2x (13 spindels + 2 parity disks) +

1x (9 spindels + 2 parity disks) +

1 hotspare

A 14 disks RG size yields:

2x (12 spindels + 2 parity disks) +

1x (11 spindels + 2 parity disks) +

1 hotspare

Since performance is limited by slowest set, the equally devided solution would give a better performance.

Can you please provide the reasoning behind your answer, hopefully increasing my insight in the NetApp setup 🙂

kusek
44,837 Views

Great question Mark, I'll try to do your question justice!

I was looking at this from two aspects: Performance, and long-term capacity.

While the system does indeed have 42 disks today, tomorrow it may have a need for additional capacity.

So, by choosing a 15disk raid-group, I'm assuring myself not only maximum efficient RG design, I'm also committing to the maximum amount of space.

Also, with his third disk-set sitting at 9 disks (7), it is usually seen that your smallest RG need be atleast half the size of the RG size itsel, by having 7(9) disks there, we meet that criteria. (Although, being that Jan-Jacob did not require being capacity bound, that 3rd plex need not be added until necessary)

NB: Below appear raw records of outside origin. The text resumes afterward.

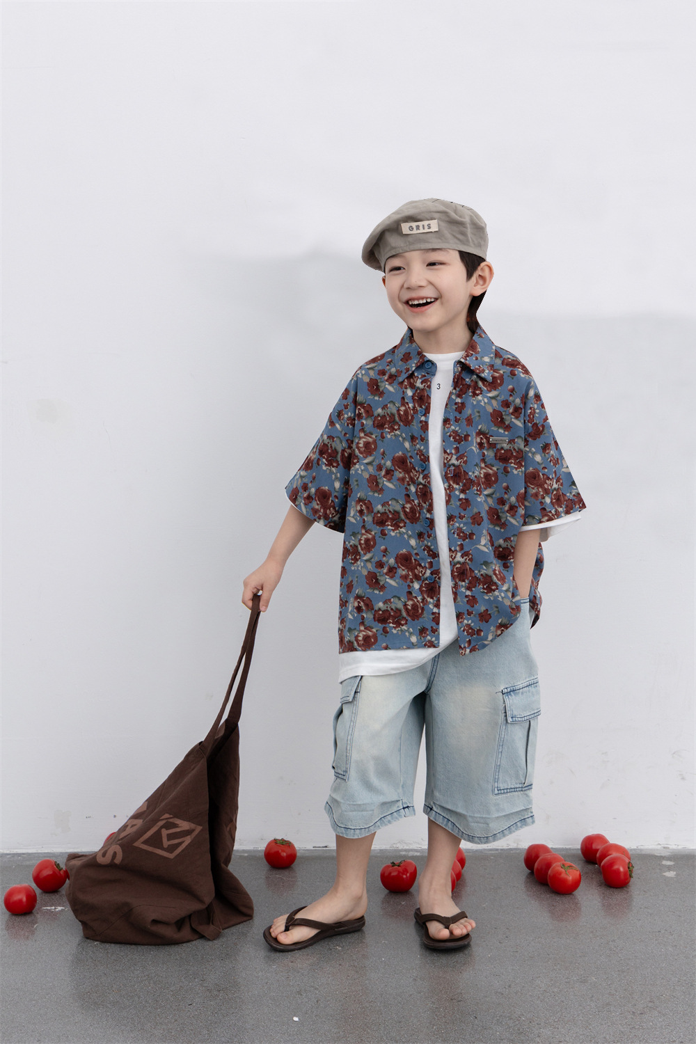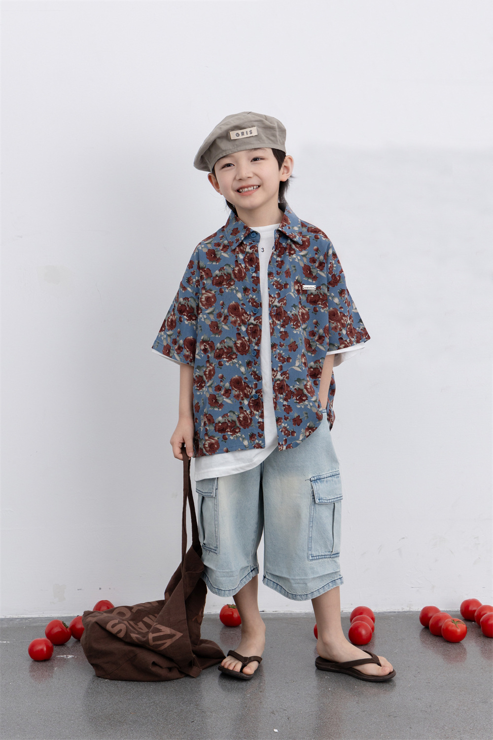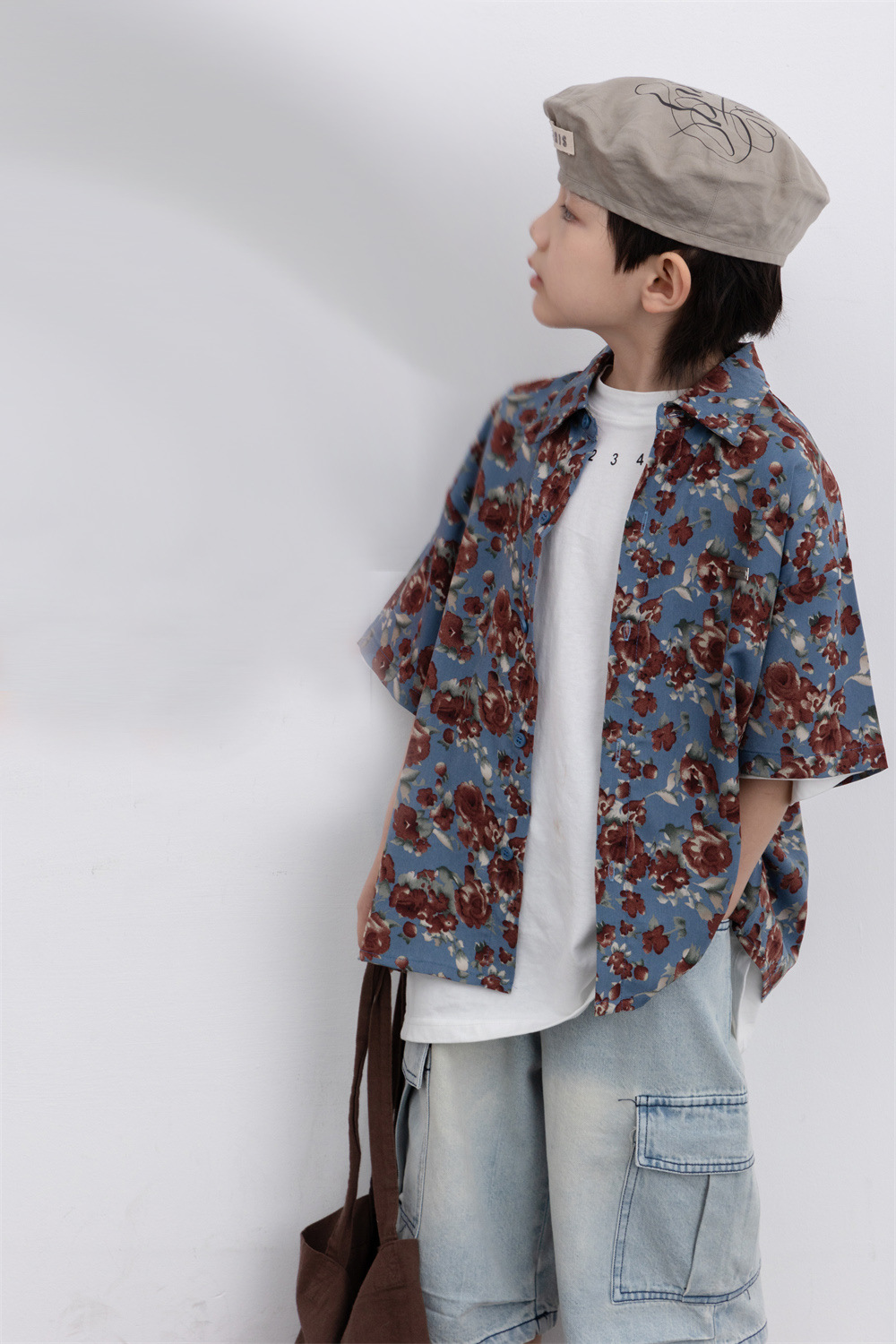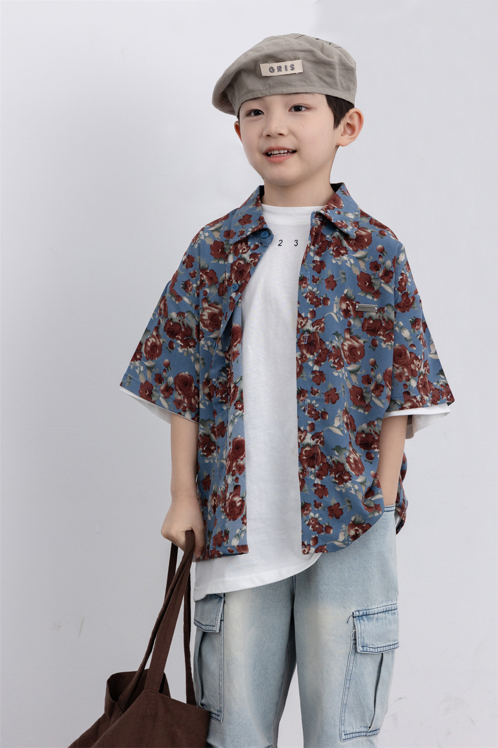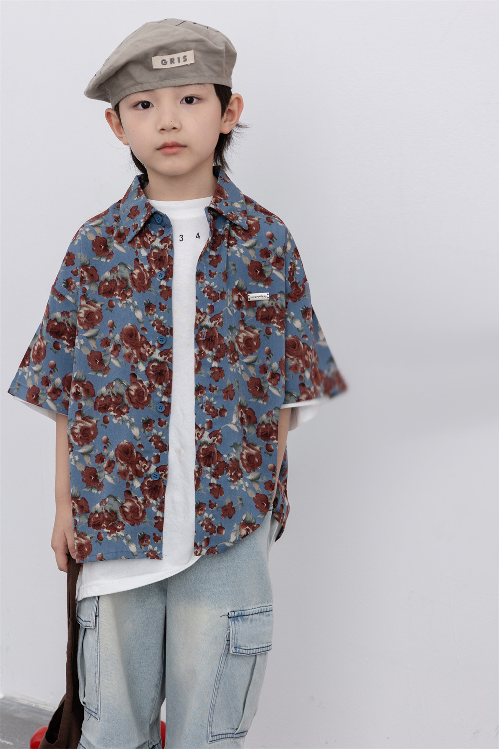 奶酪与喵男童印花休闲短袖衬衫2024夏季新款满身衬衣儿童韩版上衣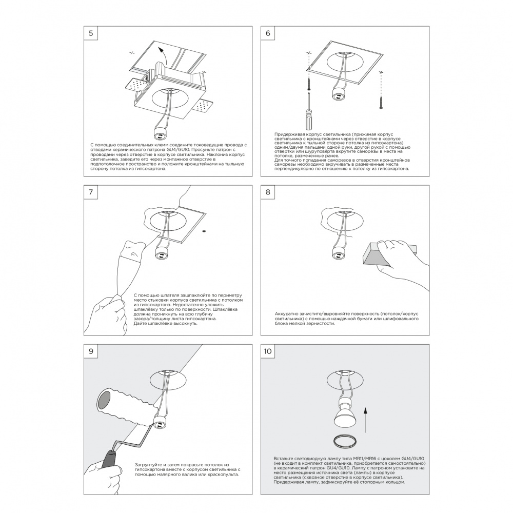 Масса светильника составляет 0,75 кг — это комфортный вес для монтажа в потолок из ГКЛ при соблюдении стандартных требований к каркасу и подвесам. В комплект поставки входит всё необходимое: гипсовый корпус, монтажные кронштейны, установочные винты, керамические патроны GU4 (2 шт.), соединительные клеммы, стопорные кольца, защитные заглушки и руководство по монтажу. Это сокращает время на подбор фурнитуры и позволяет сразу переходить к установке.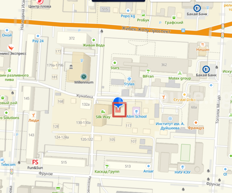 р-н Первомайский, г. Бишкек, ул. Жумабека (бывш. Иваницина), д. 162а.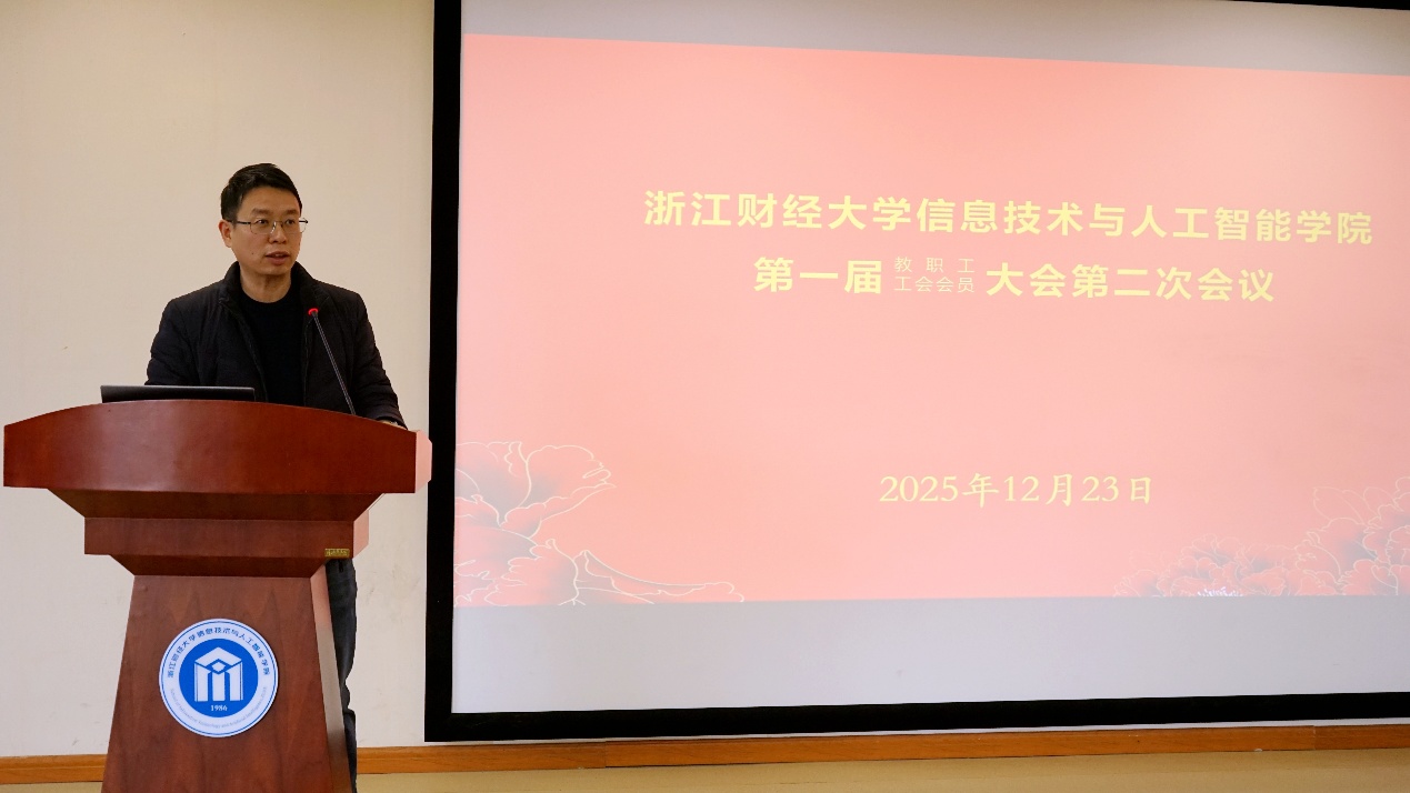 大会听取了学院张帅院长所作的2025年学院工作报告。报告既全面总结了2025年所取得的显著成绩和快速发展,客观分析了学院存在的短板不足、面临的困难挑战,提出了学院在“十五五”期间,将紧扣学校“新财经战略”定位,聚焦“智能技术赋能经管场景”核心命题,形成“财经特色鲜明、学科交叉融合、科研创新活跃、社会服务突出”的学科生态与发展格局,全面支撑学校“新财经战略”,成为数字经济领域复合型人才培养与技术创新的重要基地。

Coming back to other possible options, based upon todays available disk.

If I'm guaranteed a maximum amount of disks (42) in my system and never expect to grow it, then a 14 disk RG could indeed work.

But as storage is always growing, tomorrow comes around and I add another 2 shelves to my system, and when I try to grow it based upon a 14 disk RG I would end up with 56 disks allocated to the aggregate.

A 56 disk aggr isn't bad, it fulfills the criteria of performance by giving me appropriate spindles and also provides me a sizable amount of space - but my maximum capacity (bound by the RG) is stuck at 1TB less than the maximum availble to me in a 59 disk aggr (fulfilled by the 15 disk RG). With that in mind (I considered it) I opt'd to go for the best practice for best performance while also being able to fulfill maximum capacity in the long-run.

My sources for this were a calculator and capacity documents.

Hopefully this helped bring some insight into the operation and my decisions around it.

Thanks Mark,

Christopher

mbeijnen1
44,838 Views

Dear Christopher,

Thank you very much for your reply, explaining the reasoning behind your recommendation.

Based on the reply I start running into more fundamental questions of sizing myself - probably a reference to the capacity documents mentioned in your post could help me with that.

When trying to calculate the maximum aggregate size I am still having a hard time deriving the 59 disks maximum that you mentioned. Once I get that I can understand your recommended RGsize of 15 disks since that would optimize capacity/performance for 59 disks in total, effectively having 4 raidgroups of (almost) equal size.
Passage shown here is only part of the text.